Founded in 1830, Godey's Lady's Book and Magazine became the most widely read magazine for women. In the 1850s, Godey's circulation reached 150,000, a huge number for the time, and it is almost certain that Adeline Hornbek was among its readers. The magazine preached middle-class values and firmly decreed that a woman's place was in the home creating a clean and wholesome atmosphere for her family. The following excerpt from Godey's "The Editor's Table," January 1860, expresses the important role of the woman in the home as espoused by the magazine:

There is the wife and mother, the centre of the family, the magnet that draws man to the domestic altar, that makes him a civilized being, a social Christian. The wife is truly the light of the home, and if she will do faithfully the duties God has imposed on her condition, He will bless and sustain her. She is the teacher and inspirer of her children, and angels share or sympathize with her....

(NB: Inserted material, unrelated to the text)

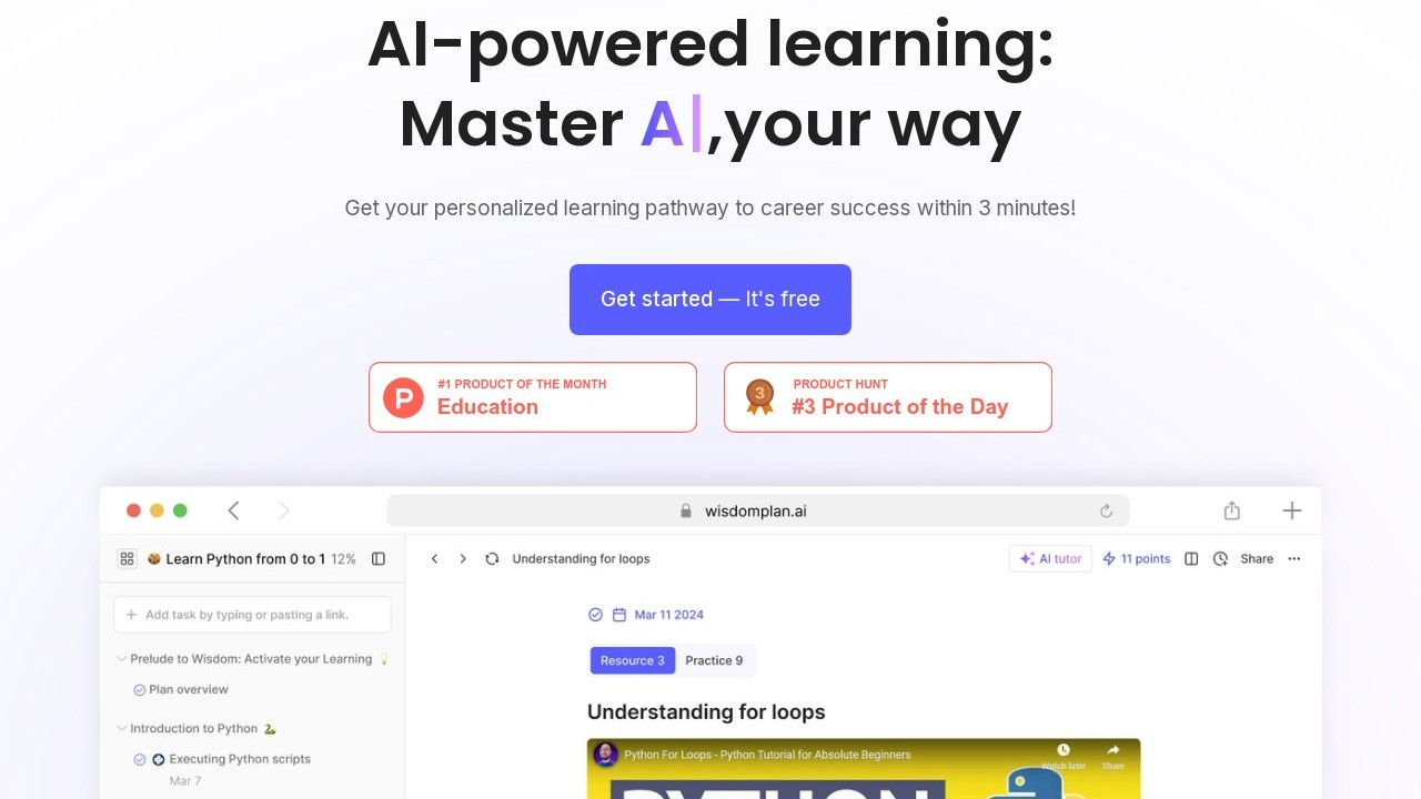 WisdomPlan is an AI-enabled educational tool that personalizes and enhances the learning journey. It aids in developing customized learning plans by smartly organizing, timing, and ordering educational materials from different sources. This tool is ideal for learners focusing on mastering particular skills and knowledge, offering functionalities like task segmentation, deadlines, alerts, note-taking, and progress monitoring. People may choose to use WisdomPlan to enjoy a learning experience tailored to their specific needs and preferences, supported by a community for resource sharing and feedback, all based on evidence-driven learning strategies.

It should be woman's part to soften the dark hours of affliction and brighten the happy days of joy. God has gifted her with finer sensibilities and quicker fancy than are needful or suitable to the harder and stronger sex. Women, therefore, step out of their own path when they attempt to encroach on the proper masculine pursuits; and in doing so they lose their own advantages, which are great--for God has been kind to His daughter, the 'last, best work' of creation--and forsake their own duties, which are of paramount importance in society, without being able to perform those belonging to man. They thus become, unhappy beings....

Every woman can, if she sincerely wish it, contribute to make the home in which she lives pleasanter and better for her presence. Let her cultivate what is agreeable and cheerful, as well as exercise the sober duties of her position, and bear in mind that 'the fruit of the Spirit (or piety) is love, joy, peace, long-suffering, gentleness, faith, meekness, temperance.' Then she will be a mighty agent in promoting the best good of society, and may join with angels in the sweet song of peace on earth.

All persons of good sense and right feeling know perfectly well that the true happiness of families is found in their internal resources, and....'the sober certainty of waking bliss must be found at HOME or nowhere.' To promote domestic enjoyment is, therefore, a subject of paramount importance. This has been our cherished object, and in all the variety of literary, artistic, and useful subjects we have set before our readers during the past months of this eventful year, we have aimed to make plain the right manner of life, so that woman may comprehend how best she can enjoy, embellish, and exalt home duties and home pleasures.

1. Based on your knowledge of Adeline Hornbek, do you think she exemplified the ideal Victorian woman? Why or why not?

2. Would the hard life required as a homesteader ever fit in with the concept of a proper lady as presented in the excerpt? Why or why not? How do you think the reality of frontier life might have impacted this concept of a woman's domestic role?

3. How old was Hornbek when this typical article was published? How do you think it might have affected her ideas and her behavior?